I am old enough to remember a life before Facebook and Twitter, a life before the internet. I remember taking my film to a 1-day shop to get developed. I remember long phone calls and writing letters. I remember exchanging mix tapes with friends in the mail. I remember that worlds and histories were contained in those letters and phone calls.
And I also remember that, despite the fact that these communications were largely private, none of what I said or sent contained the whole story.
There is so much I don’t say online. Even though I am a huge user of social media, I am an intensely private person. Here’s just a short list of what I don’t share publicly: frustration about tough client work, financial troubles, bad dates (or lack thereof), family illnesses, friends’ celebrations (unless they allow me to), feelings of loneliness or boredom.
I am a real person, and yet I am also someone who has, by choice, a more public face. The public me talks about art and dogs and sewing projects and business. Occasionally, I talk about challenges and setbacks. But you don’t see the complete picture. And I’m largely fine with that.
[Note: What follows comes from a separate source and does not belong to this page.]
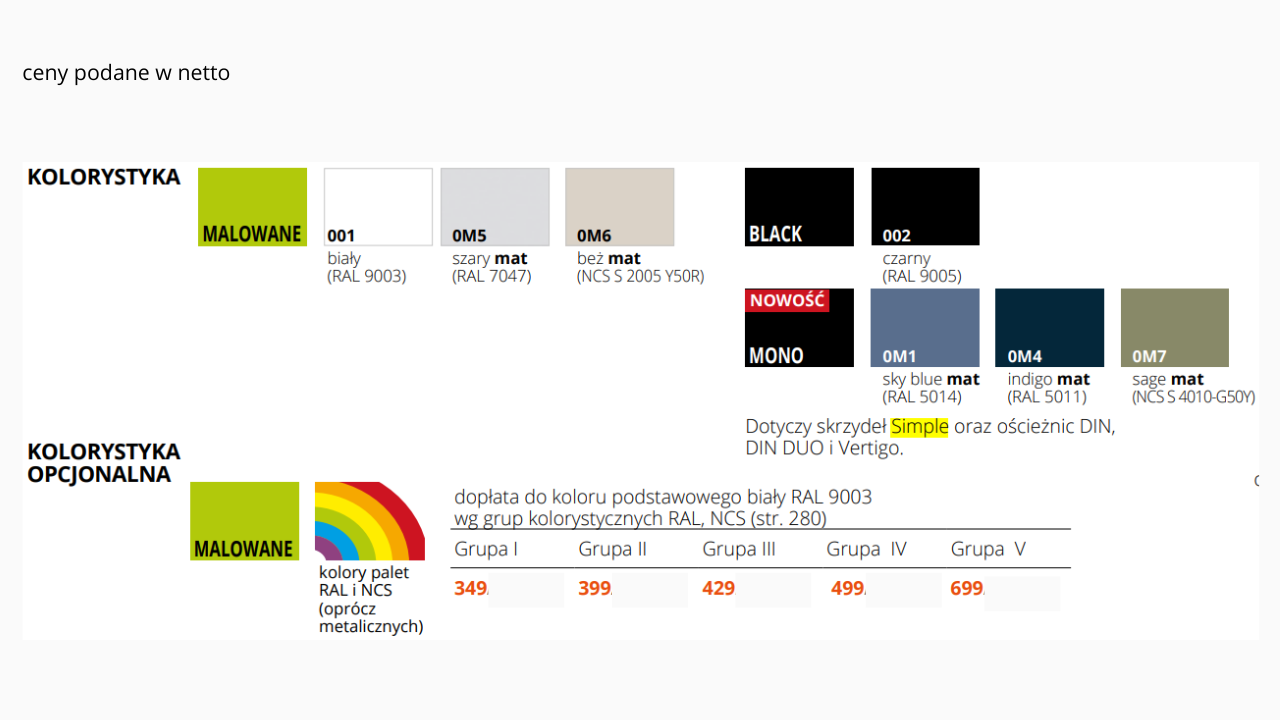 Nowoczesna kolekcja SIMPLE z poziomymi frezowaniami. Dzięki niemal nieograniczonym możliwościom kolorystycznym palet RAL i NCS dobierzesz wyjątkowy odcień dla skrzydeł. . Uniwersalny design sprawi że skrzydło świetnie sprawdzi w klasycznych jak i nowoczesnych wnętrzach. Malowana powierzchnia skrzydła zapewni trwałość koloru na wiele lat. Dostępne w szybkiej realizacji w kolorze białym.

There has been a lot of talk on the internet lately about the downside of the sanitized picture that social media presents to us. But it is media, and, in the same way we can believe the layouts in a glossy magazine don’t represent the real world, we can choose to accept or reject – or just enjoy – the images social media presents to us. That’s our choice. We don’t need to compare ourselves to those images, those stories. Those behind the images and the blogs and the pins are real people. But they, too, are choosing what they share. Choose what you believe. And choose, unapologetically, to only put as much of yourself out there as you’re comfortable with, too.